Carlos stopped at the corner in front of a traffic circle. Keeping his vigil, Pia and Alan slowed while Tania made her way past them and took the lead on the next street. In a carefully synchronized movement, Carlos fell in behind.
The Four Seasons is situated on a narrow triangular block with a dining garden for outdoor serving in the summer at the thinnest point. They walked up one side of the triangle and turned back around the thin point, allowing her a clear view of the well-dressed, thin man following them on the far side of the ice-crusted garden. Their tail had no choice but to pretend his destination was elsewhere up the street.
Pia’s group continued down Old Park Lane, passed the Rose and Crown, and around the corner. They crossed into Green Park, swimming upstream against a river of tired tourists returning from Buckingham Palace as an icy drizzle wet their faces. Tania pulled on a knit cap over her mass of wild, black hair.
Deep in the Park, they came to the Canada Memorial. A red granite fountain turned off for the winter, it usually featured a gentle flow of water across its angled surface.
It was a dark, untraveled corner of the park. A hundred yards south of them through a stand of trees,
Buckingham Palace lit up the fog and rain with floodlights. Three hundred yards north, the Picadilly hummed with traffic.
Pia puffed white breath-clouds and shuffled her feet to stay warm.
Carlos took up a position twenty yards away, his back against a tree. Tania inspected the area, then returned to Pia and her father.
“Pia, this guy is a big mistake.” Tania nosed at Carlos. “He’s been through training and still can’t do anything right.”
“We’re not going there.” Pia turned away.
“You know how this hurts me. My sister’s rotting in jail because of guys—”
“Enough.” Pia gave her a withering glance.

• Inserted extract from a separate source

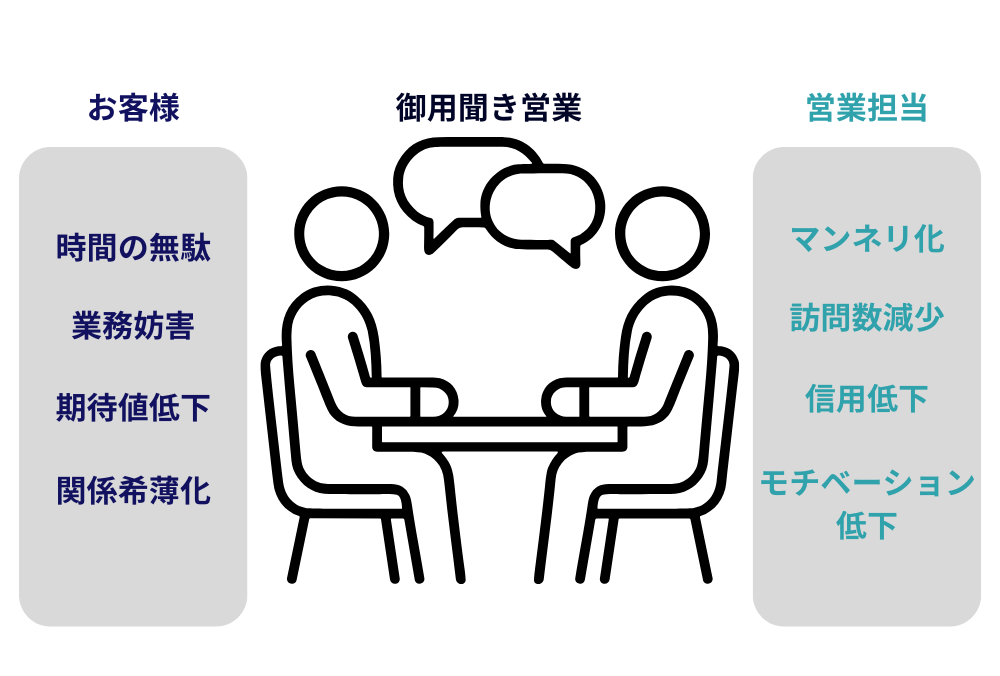 顧客側からすれば、具体的な課題解決のヒントがない御用聞きは、貴重な時間を奪われるだけの行為になりかねません。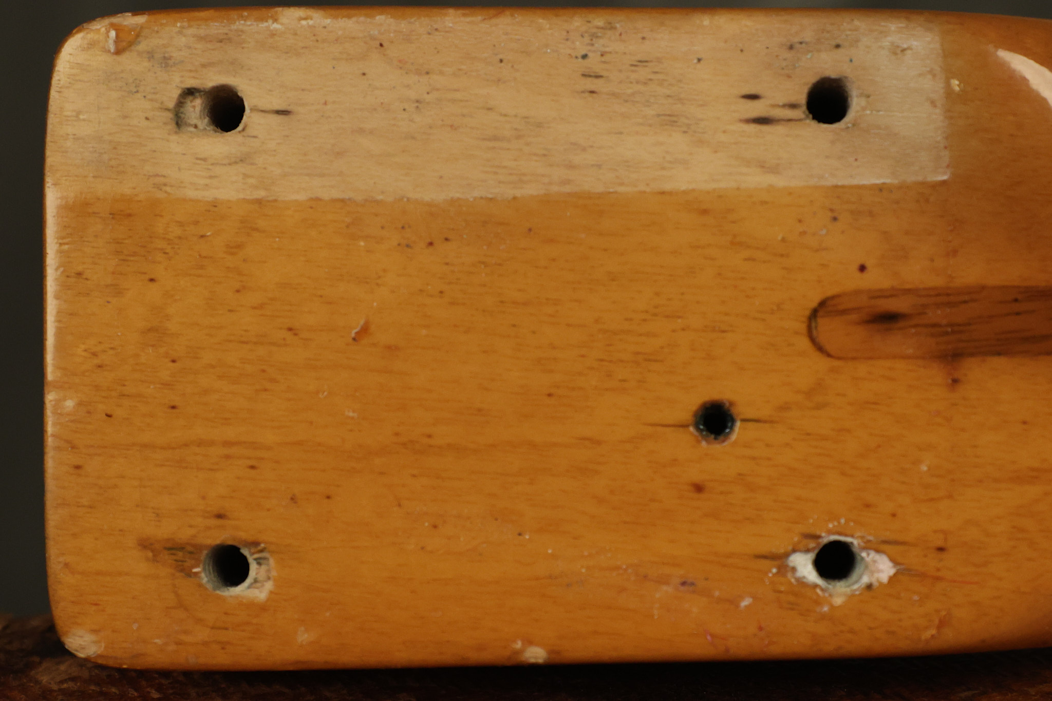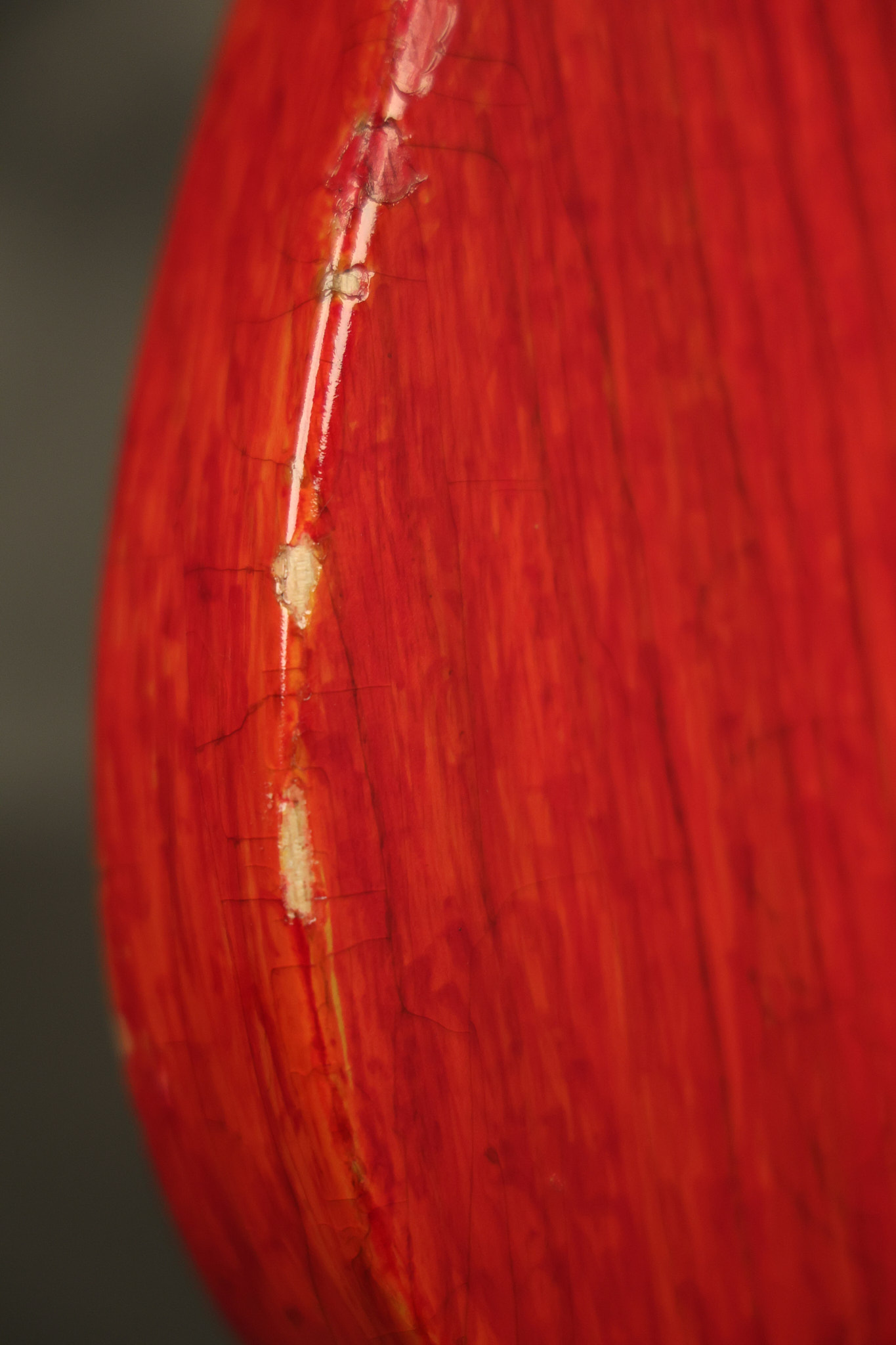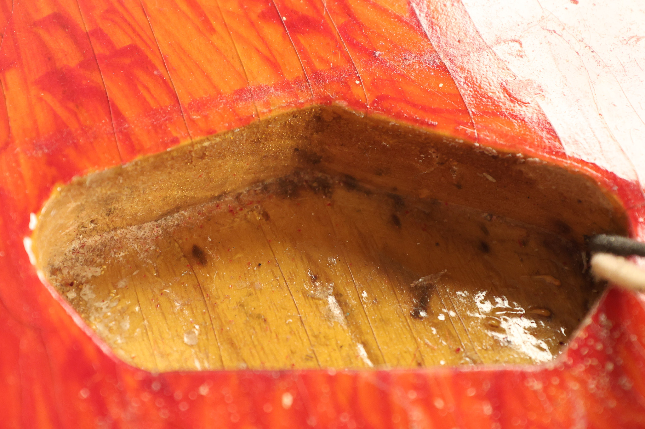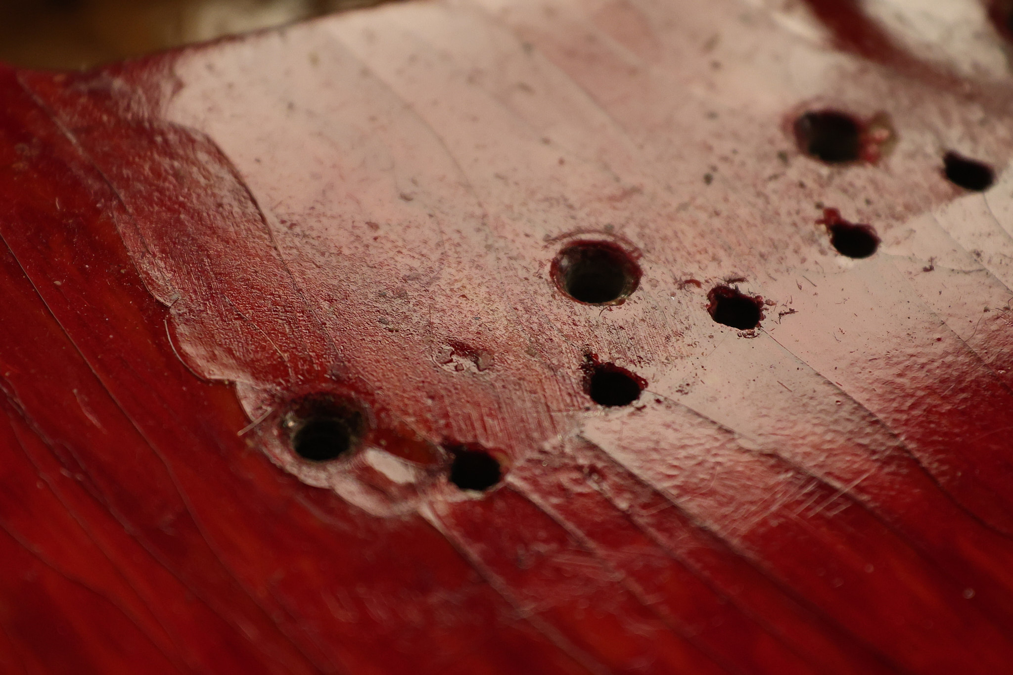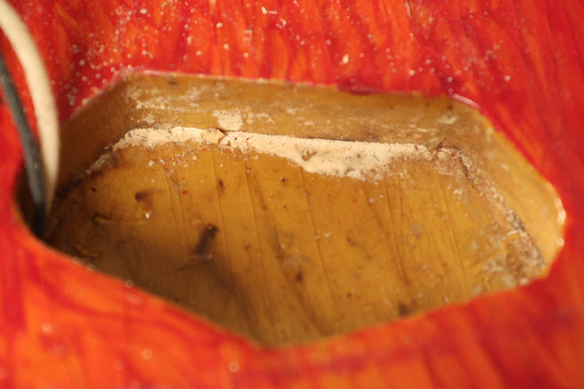 1957 Fender Telecaster with a refinished neck and a poorly refinished body. It has a great playing neck with good frets as it has been refretted. Changed parts include the tuning keys, switch, one capacitor (one is missing), the nut and some of the screws. The original pickugard has been oversprayed and has a crack through one corner. The neck position pickup has some traces of blue on the underside and on the original wires which have been extended. The bridge position pickup has been rewound. All electronics work and sound great. The tone pot sounds a little dirty when it's turned all the way down. The lower screw for the control cavity does not have enough wood on the edge of the cavity to firmly grab, so it is rather loose. There are lots of nicks + dings, finish cracks and other cosmetic wear. The guitar itself remains structurally sound. The weight is 7 lbs. 3.4 oz. The original tweed hardshell case is included, but it is in poor condition with patched areas, one broken latch and the side pocket and neck rest was replaced with one from a later 1960's Fender case.

Tania stomped away to a position across the memorial from Carlos, covering the Sabels from the widest angle. She gave a cough and spoke in a soft voice over the comm link. “Is that your guy?”
Pia and Alan looked behind them as an older gentleman approached, his coat flapping open as he walked.
Alan said, “Only a senator from Minnesota would stroll through this cold with his coat unbuttoned.”
Twenty yards away, Senator Jeff Smith waved off his bodyguard. Nearing them, he extended his right hand to Alan while encircling Pia with his left. “Oh, it is so good to see you both. We live in the same town yet we never see each other anymore.”
Alan reciprocated pleasantries, draining Pia’s patience.
The senator turned to Pia. “Young lady, you’re amazing. You’ve accomplished so much—”
“I was born with every advantage,” she said. “Claressa ‘T-Rex’ Shields is ‘accomplished’.”
He searched for words.
She crossed her arms. “Why the cloak-and-dagger, Jeff?”
He pulled his hat off, exposing his thin gray hair to the frozen drizzle. “No need to rush into things just yet. Let’s catch up on—”
“I can tell by the tension in Dad’s posture that this isn’t going to be good. You have bad news; I want to hear it.”